▶ [ABOUT THIS EXERCISE]:
All entries should be copied exactly; the pictures stay out.

=====

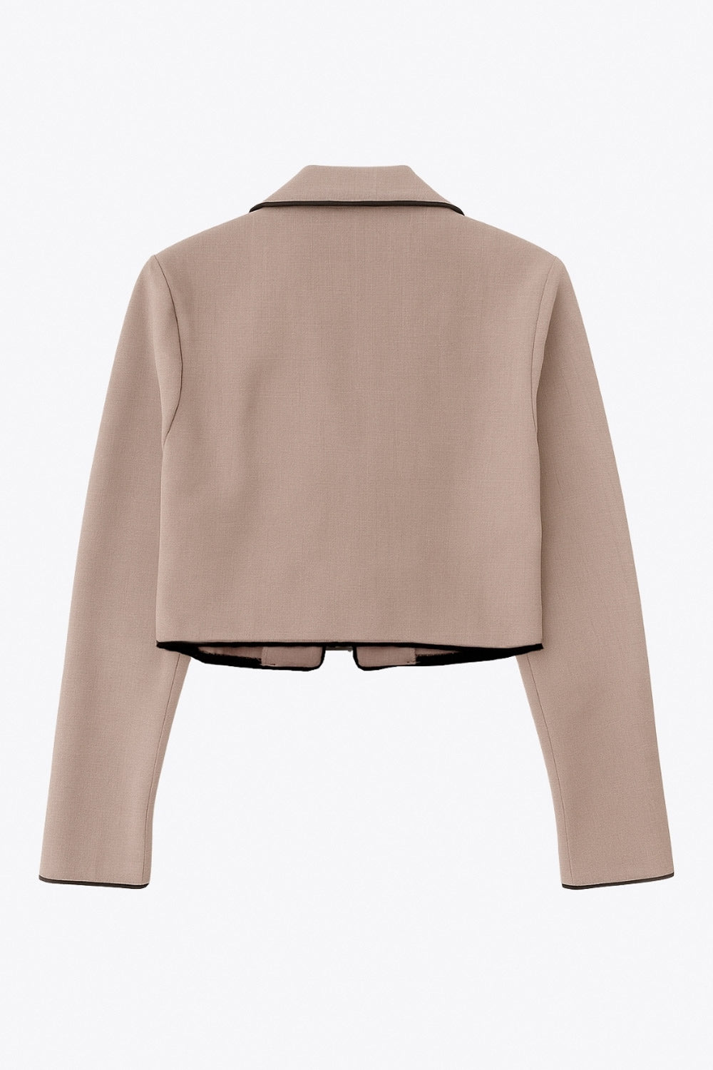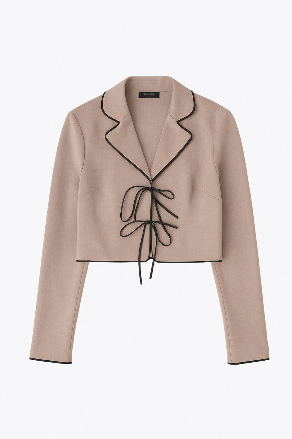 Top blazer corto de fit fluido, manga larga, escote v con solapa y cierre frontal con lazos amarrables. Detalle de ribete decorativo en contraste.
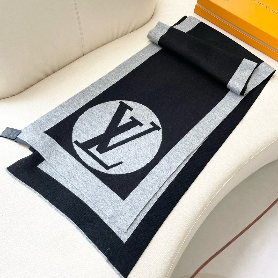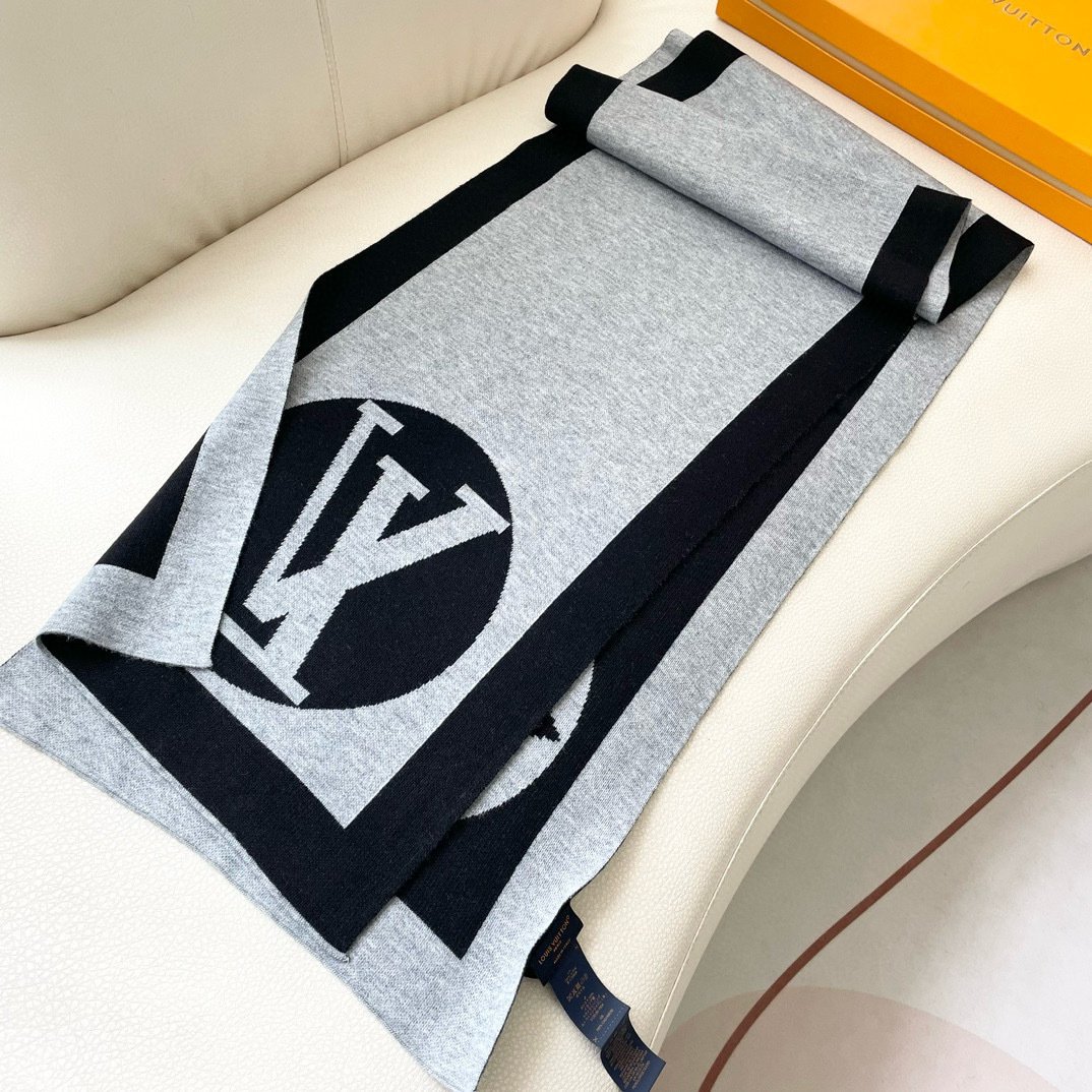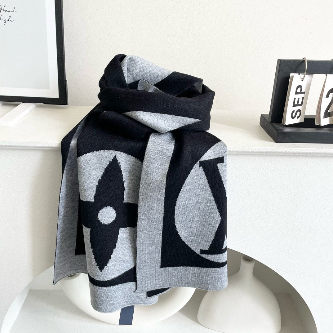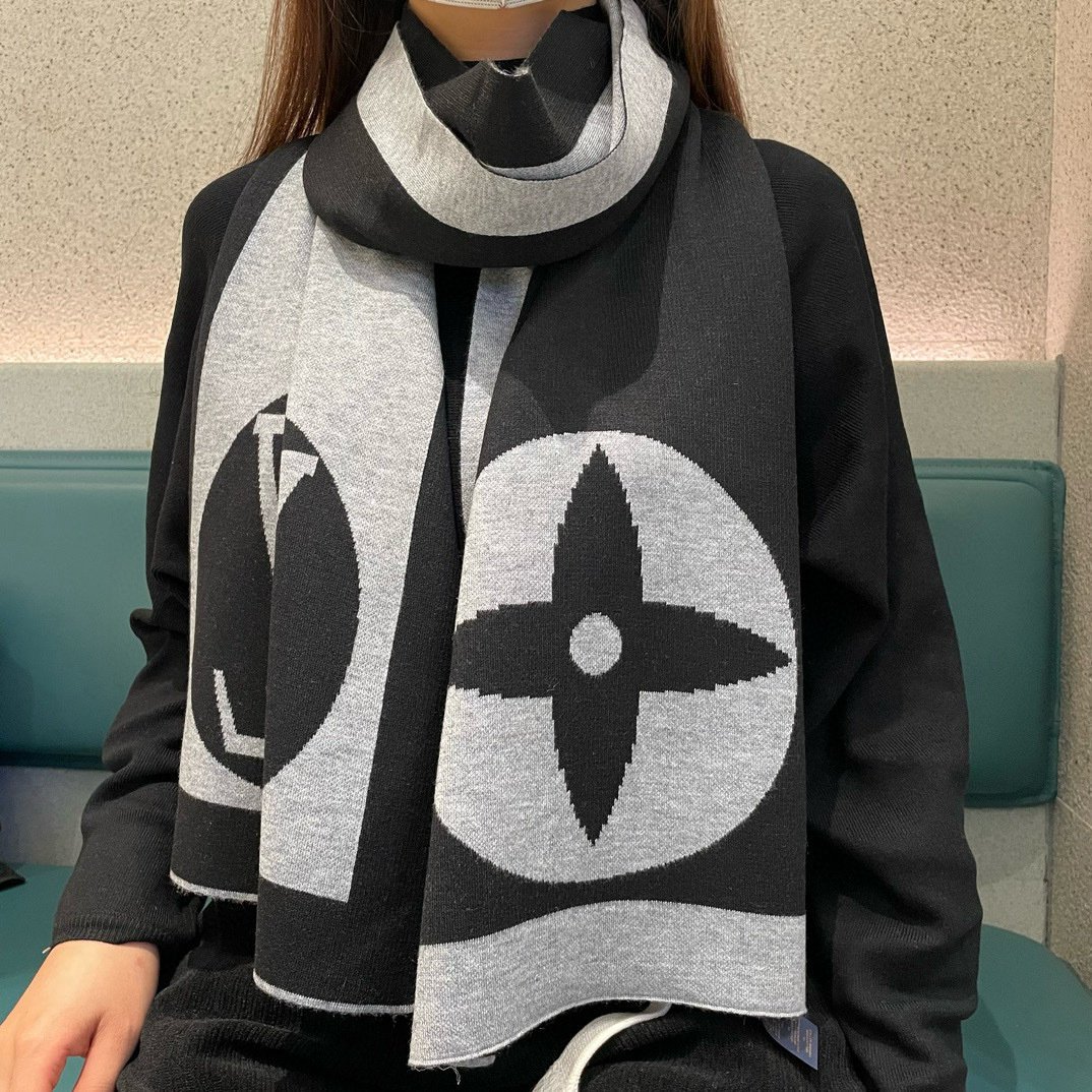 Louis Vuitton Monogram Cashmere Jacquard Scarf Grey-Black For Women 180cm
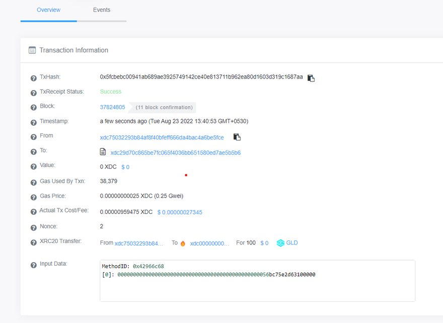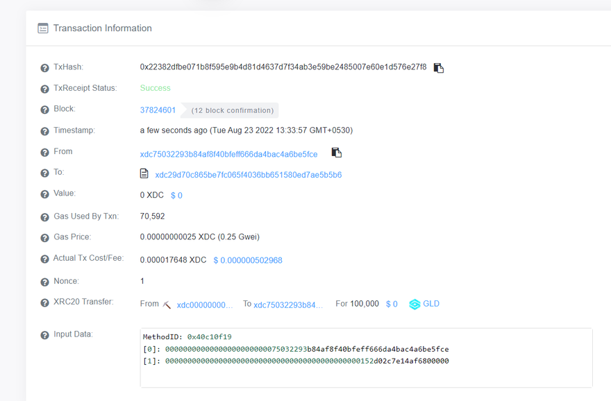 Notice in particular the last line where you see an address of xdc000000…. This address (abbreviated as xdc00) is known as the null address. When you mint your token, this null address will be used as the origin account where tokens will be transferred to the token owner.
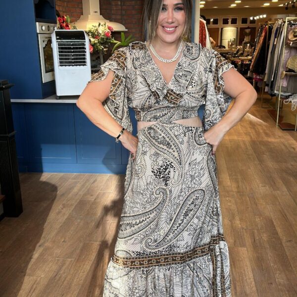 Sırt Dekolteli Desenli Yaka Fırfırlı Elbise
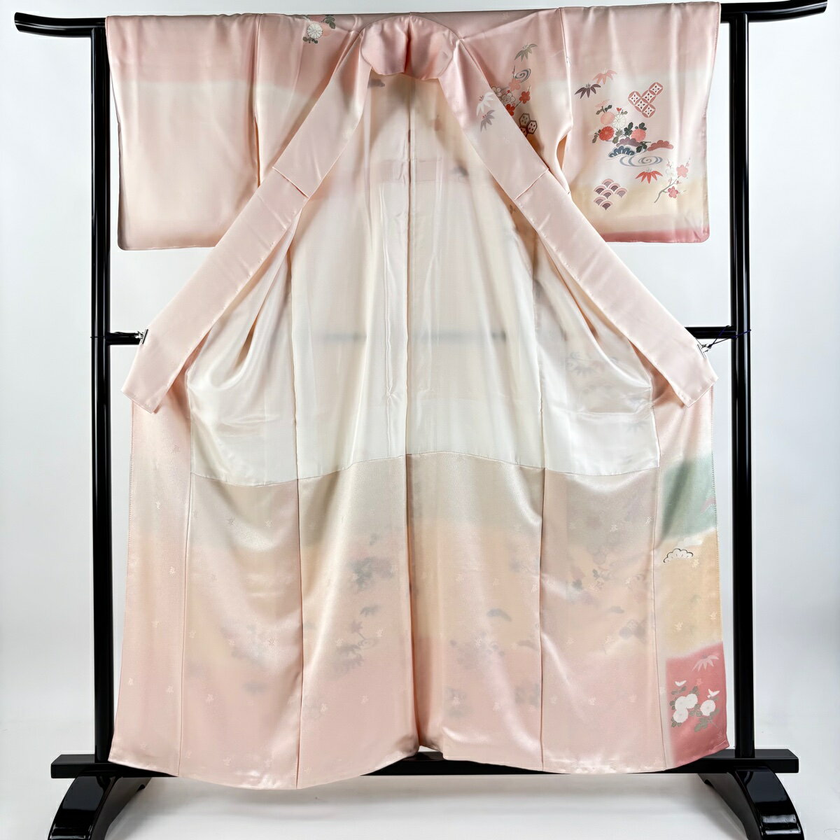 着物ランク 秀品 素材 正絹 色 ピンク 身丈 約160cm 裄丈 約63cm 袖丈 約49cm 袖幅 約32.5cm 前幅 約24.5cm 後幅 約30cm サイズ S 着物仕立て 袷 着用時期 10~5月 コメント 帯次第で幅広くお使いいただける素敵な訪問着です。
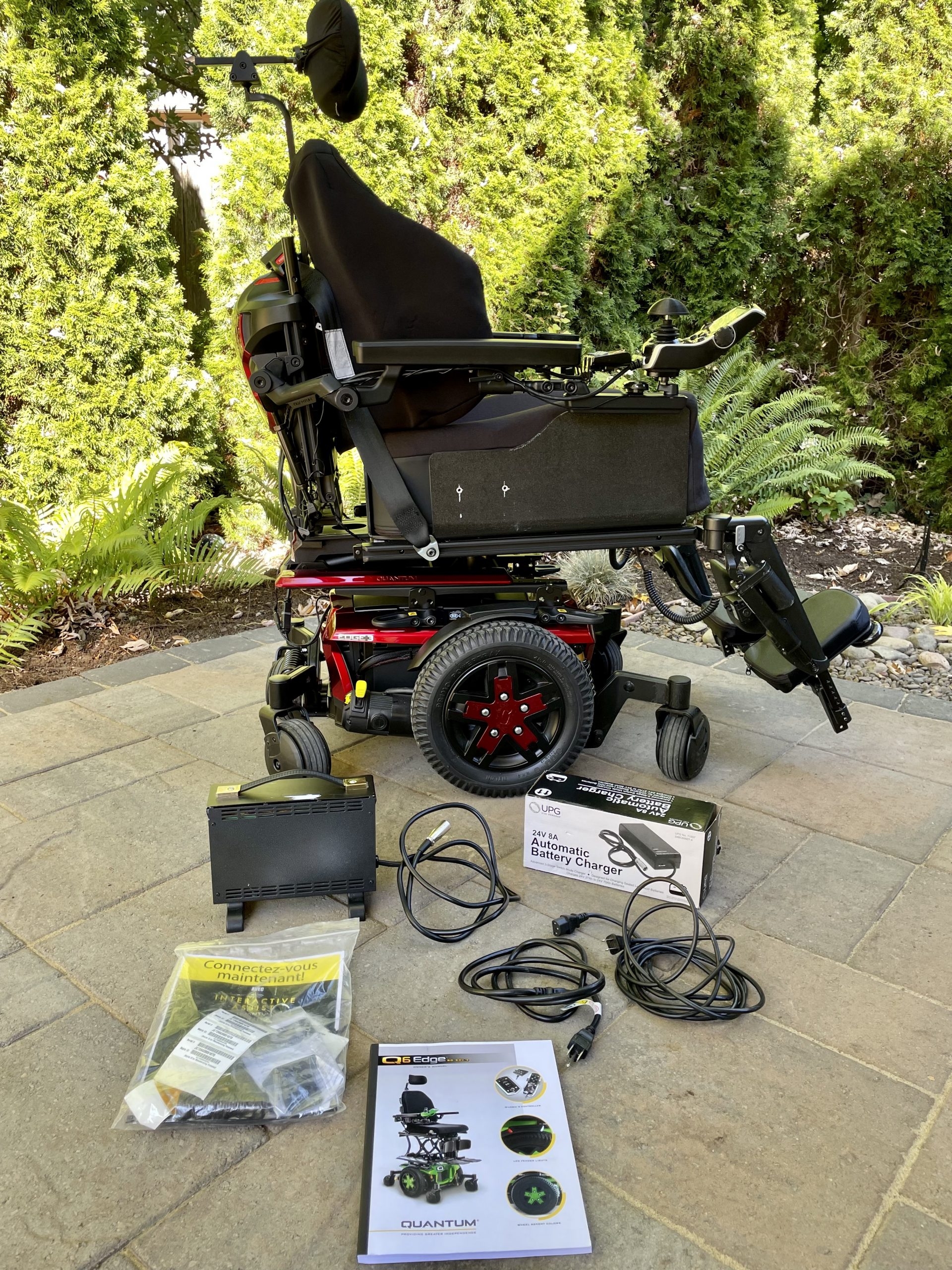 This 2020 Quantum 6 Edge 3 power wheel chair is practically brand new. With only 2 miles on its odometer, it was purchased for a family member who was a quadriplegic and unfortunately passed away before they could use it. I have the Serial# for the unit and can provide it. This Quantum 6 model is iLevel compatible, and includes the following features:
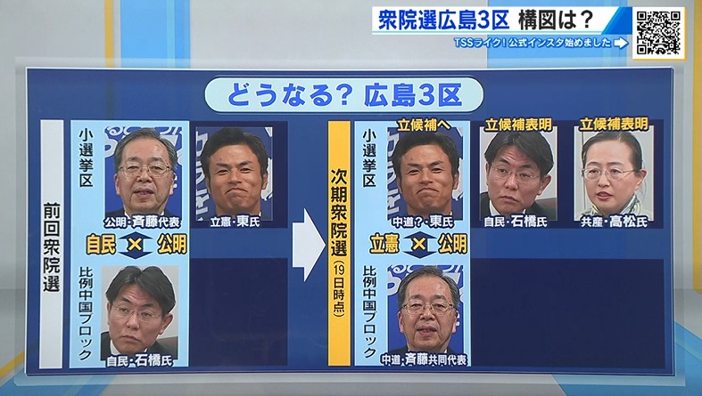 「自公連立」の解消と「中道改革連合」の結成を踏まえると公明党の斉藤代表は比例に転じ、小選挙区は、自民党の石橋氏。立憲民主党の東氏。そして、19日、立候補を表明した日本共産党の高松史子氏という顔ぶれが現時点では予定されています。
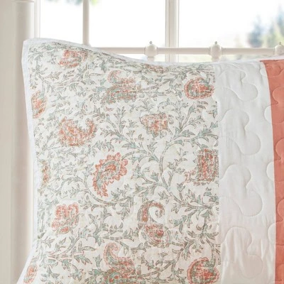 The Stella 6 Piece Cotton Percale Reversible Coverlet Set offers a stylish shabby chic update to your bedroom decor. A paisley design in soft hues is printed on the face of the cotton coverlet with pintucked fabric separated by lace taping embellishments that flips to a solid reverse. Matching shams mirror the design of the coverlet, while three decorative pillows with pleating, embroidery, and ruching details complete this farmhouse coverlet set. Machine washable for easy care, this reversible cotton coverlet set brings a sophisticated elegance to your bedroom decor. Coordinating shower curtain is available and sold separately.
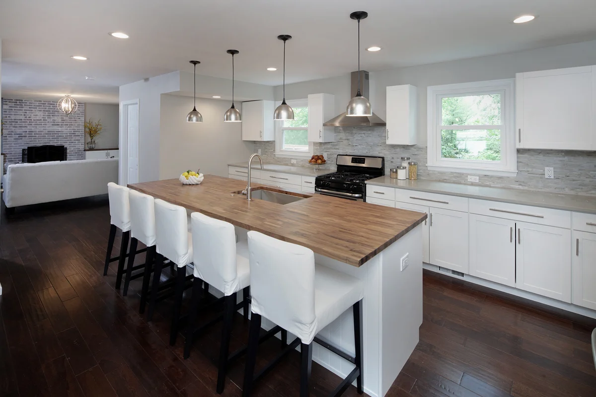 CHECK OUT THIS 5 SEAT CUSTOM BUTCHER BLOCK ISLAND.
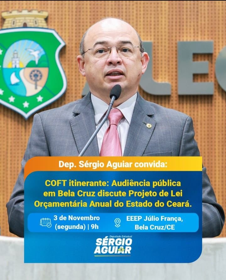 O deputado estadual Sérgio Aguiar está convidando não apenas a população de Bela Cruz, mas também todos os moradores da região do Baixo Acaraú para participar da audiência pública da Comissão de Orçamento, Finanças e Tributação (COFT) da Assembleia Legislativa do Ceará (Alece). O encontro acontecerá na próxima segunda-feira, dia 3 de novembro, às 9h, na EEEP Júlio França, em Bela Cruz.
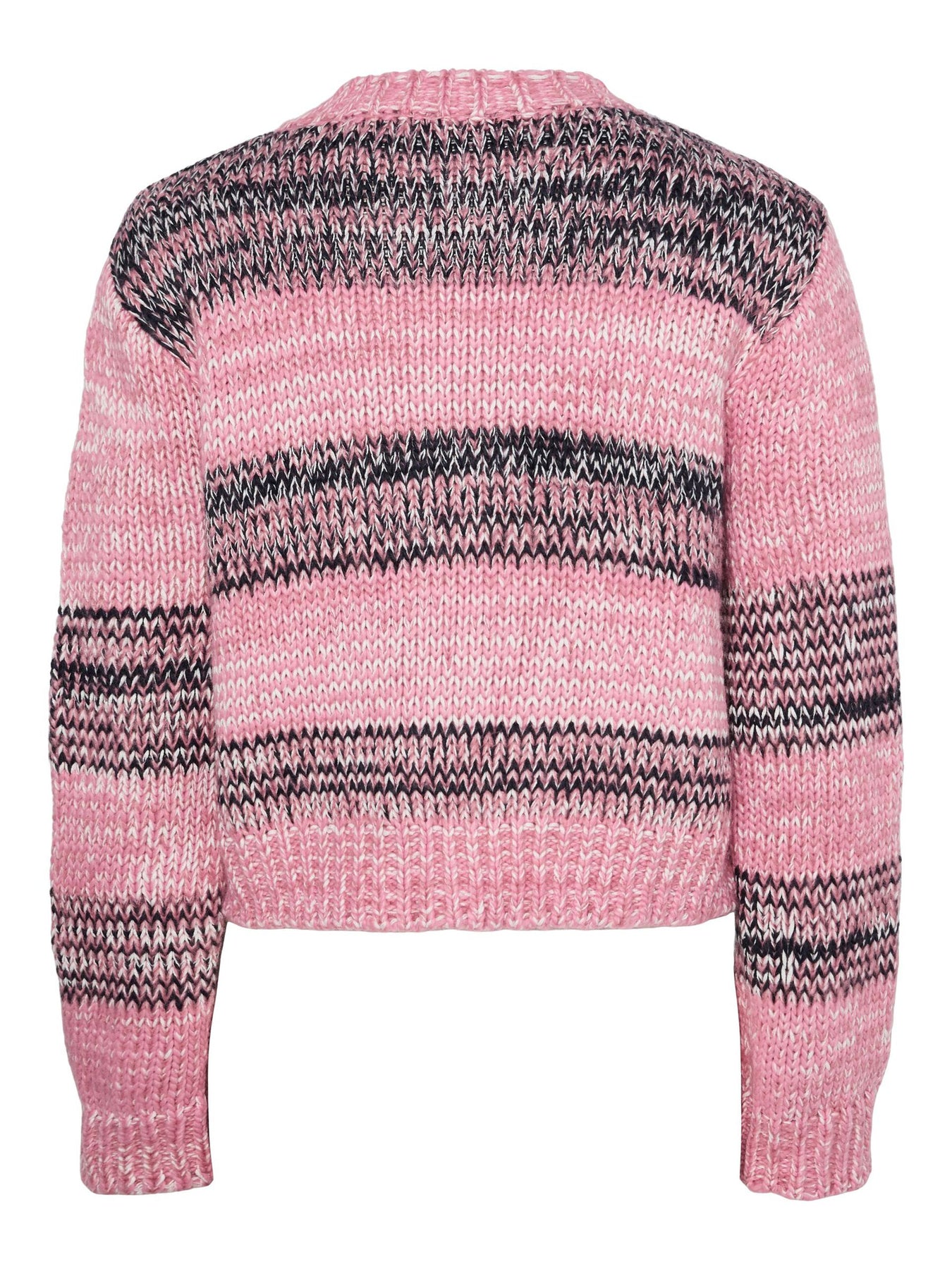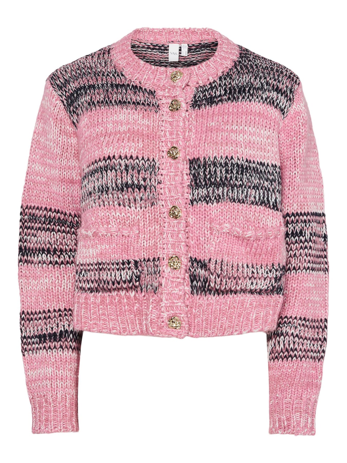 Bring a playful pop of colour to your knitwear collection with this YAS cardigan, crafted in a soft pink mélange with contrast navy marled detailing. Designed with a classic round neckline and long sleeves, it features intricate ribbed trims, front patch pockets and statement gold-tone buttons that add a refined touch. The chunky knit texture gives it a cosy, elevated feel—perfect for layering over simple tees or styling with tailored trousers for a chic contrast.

=====

▶ [RESPONSE AREA]:
 Top blazer corto de fit fluido, manga larga, escote v con solapa y cierre frontal con lazos amarrables. Detalle de ribete decorativo en contraste.
 Louis Vuitton Monogram Cashmere Jacquard Scarf Grey-Black For Women 180cm
 Notice in particular the last line where you see an address of xdc000000…. This address (abbreviated as xdc00) is known as the null address. When you mint your token, this null address will be used as the origin account where tokens will be transferred to the token owner.
 Sırt Dekolteli Desenli Yaka Fırfırlı Elbise
 着物ランク 秀品 素材 正絹 色 ピンク 身丈 約160cm 裄丈 約63cm 袖丈 約49cm 袖幅 約32.5cm 前幅 約24.5cm 後幅 約30cm サイズ S 着物仕立て 袷 着用時期 10~5月 コメント 帯次第で幅広くお使いいただける素敵な訪問着です。
 This 2020 Quantum 6 Edge 3 power wheel chair is practically brand new. With only 2 miles on its odometer, it was purchased for a family member who was a quadriplegic and unfortunately passed away before they could use it. I have the Serial# for the unit and can provide it. This Quantum 6 model is iLevel compatible, and includes the following features:
 「自公連立」の解消と「中道改革連合」の結成を踏まえると公明党の斉藤代表は比例に転じ、小選挙区は、自民党の石橋氏。立憲民主党の東氏。そして、19日、立候補を表明した日本共産党の高松史子氏という顔ぶれが現時点では予定されています。
 The Stella 6 Piece Cotton Percale Reversible Coverlet Set offers a stylish shabby chic update to your bedroom decor. A paisley design in soft hues is printed on the face of the cotton coverlet with pintucked fabric separated by lace taping embellishments that flips to a solid reverse. Matching shams mirror the design of the coverlet, while three decorative pillows with pleating, embroidery, and ruching details complete this farmhouse coverlet set. Machine washable for easy care, this reversible cotton coverlet set brings a sophisticated elegance to your bedroom decor. Coordinating shower curtain is available and sold separately.
 CHECK OUT THIS 5 SEAT CUSTOM BUTCHER BLOCK ISLAND.
 O deputado estadual Sérgio Aguiar está convidando não apenas a população de Bela Cruz, mas também todos os moradores da região do Baixo Acaraú para participar da audiência pública da Comissão de Orçamento, Finanças e Tributação (COFT) da Assembleia Legislativa do Ceará (Alece). O encontro acontecerá na próxima segunda-feira, dia 3 de novembro, às 9h, na EEEP Júlio França, em Bela Cruz.
 Bring a playful pop of colour to your knitwear collection with this YAS cardigan, crafted in a soft pink mélange with contrast navy marled detailing. Designed with a classic round neckline and long sleeves, it features intricate ribbed trims, front patch pockets and statement gold-tone buttons that add a refined touch. The chunky knit texture gives it a cosy, elevated feel—perfect for layering over simple tees or styling with tailored trousers for a chic contrast.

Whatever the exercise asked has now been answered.